AK Parti Genişletilmiş İl Başkanları Toplantısı, AK Parti Genel
Merkezi’nde başladı. Genişletilmiş İl Başkanları toplantısında
konuşan Başbakan Erdoğan, muhalefetin şu anda çok büyük bir
çaresizlik ve acziyet içinde olduğunu belirterek, hiçbir konuda
politika üretemeyen muhalefet partilerinin hiçbir sorun karşısında
ayakları yere basan, yaraya merhem olacak bir çare sunamadığını
dile getirdi. CHP Genel Başkanı Kemal Kılıçdaroğlu’nun Türkiye’nin
imajını zedelemeye başladığını ifade eden Erdoğan, Kılıçdaroğlu’nun
çaresizlik ve acziyet içinde olduğunu söyledi. "Bu zat Türkiye’nin,
Türkiye siyasetinin, Türkiye demokrasisinin imajına lekeler sürmeye
başladı" diyen Erdoğan, Türkiye Cumhuriyeti’nin anamuhalefet
partisinin Avrupa Parlamentosunda düştüğü durumun, CHP kadar,
CHP’ye gönül verenler kadar, bu ülkenin vatandaşları olarak
kendilerini de üzdüğünü ve yaraladığını söyledi. CHP’nin Suriye ile
ilgili politikasını da eleştiren Erdoğan, CHP milletvekillerinin
Diyarbakır’dan çok Şam’a gittiklerini ve Esad’la hatıra fotoğrafı
çektirdiklerini ifade etti. Reyhanlı’daki olaylara karışanların,
CHP’li vekilleri alıp Esad’a götürenler olduğuna dair belgelerin
ellerinde olduğunu kaydeden Erdoğan, "İş artık bu noktaya geldi.

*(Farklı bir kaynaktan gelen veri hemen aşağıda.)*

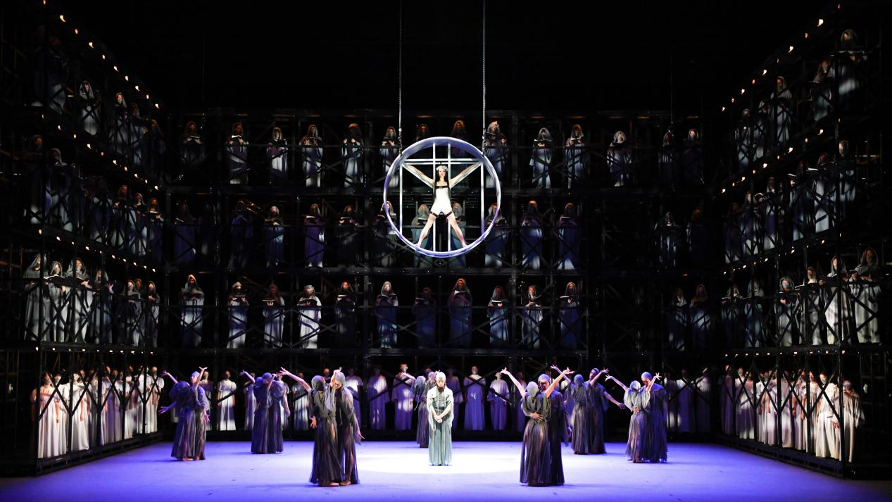 《布蘭詩(shī)歌》演出包含《布蘭詩(shī)歌》與《最后的歌》,由香港芭蕾舞團(tuán)和香港管弦樂(lè)團(tuán)聯(lián)袂呈獻(xiàn)。作品皆取材經(jīng)典藝術(shù)IP,環(huán)繞舞臺(tái)的九米高臺(tái)營(yíng)造出修道院內(nèi)景,過(guò)百位歌唱家現(xiàn)場(chǎng)演唱,場(chǎng)面震撼。

Sen neyi konuşuyorsun, hangi Reyhanlı halkının, hangi Hatay’daki
kardeşimin yanında olduğunu savunuyorsun. Size elçilik edenler, ne
yazık ki Reyhanlı olayının planlayıcıları" şeklinde konuştu.
Erdoğan, “Unutmayın, şu anda Esed’in zulmünden kaçan muhacirlere
benim Reyhanlı’daki kardeşlerim, ensar görevini görmeliler. Aynı
görevi yapmalılar, onlar da aynen o zaman olduğu gibi evlerini
açmalılar ve onları kendileri için bir suç unsuru olarak
görmemeliler ve bu oyunun arkasında çok ciddi tehlikenin yattığını
bilmelidirler" dedi.
Başbakan Erdoğan konuşmasında, Türkiye’nin IMF’ye borcunu
bitirmesiyle ilgili değerlendirmeleri nedeniyle MHP Genel Başkanı
Devlet Bahçeli’yi de eleştirdi. Erdoğan, Türkiye’nin IMF’ye borcunu
ödemesi karşısında Bahçeli’nin sevinmesi, gururlanması gerekirken,
her zaman yaptığı gibi, rakam kalabalığıyla işi geçiştirmeye
çalıştığını söyledi. Türkiye’nin özel sektör dahil brüt dış borç
stoğunu yüzde 56’dan yüzde 43’e düşürdüklerini dile getiren
Erdoğan, kamu net borç stoğunu MHP’li koalisyon hükümetinden yüzde
61,5 seviyesinde aldıklarını ve yüzde 17 seviyesine düşürdüklerini
söyledi. Erdoğan, "Dürüst bir politikacı, dürüst bir genel başkan
bu oranlara bakıp, ’Türkiye’nin dış borcu arttı’ diyemez. Diyorsa
ya dürüst değildir ya da ekonomi cahilidir" değerlendirmesini
yaptı.
MHP Genel Başkanı Devlet Bahçeli yönetiminde Türkiye ekonomisine
2001’de ağır faturalar yüklendiğini dile getiren Erdoğan, bu işin
hayat tecrübesi gerektirdiğini, sadece kitabın kapakları arasına
bakmakla bu işin olamayacağını ifade etti.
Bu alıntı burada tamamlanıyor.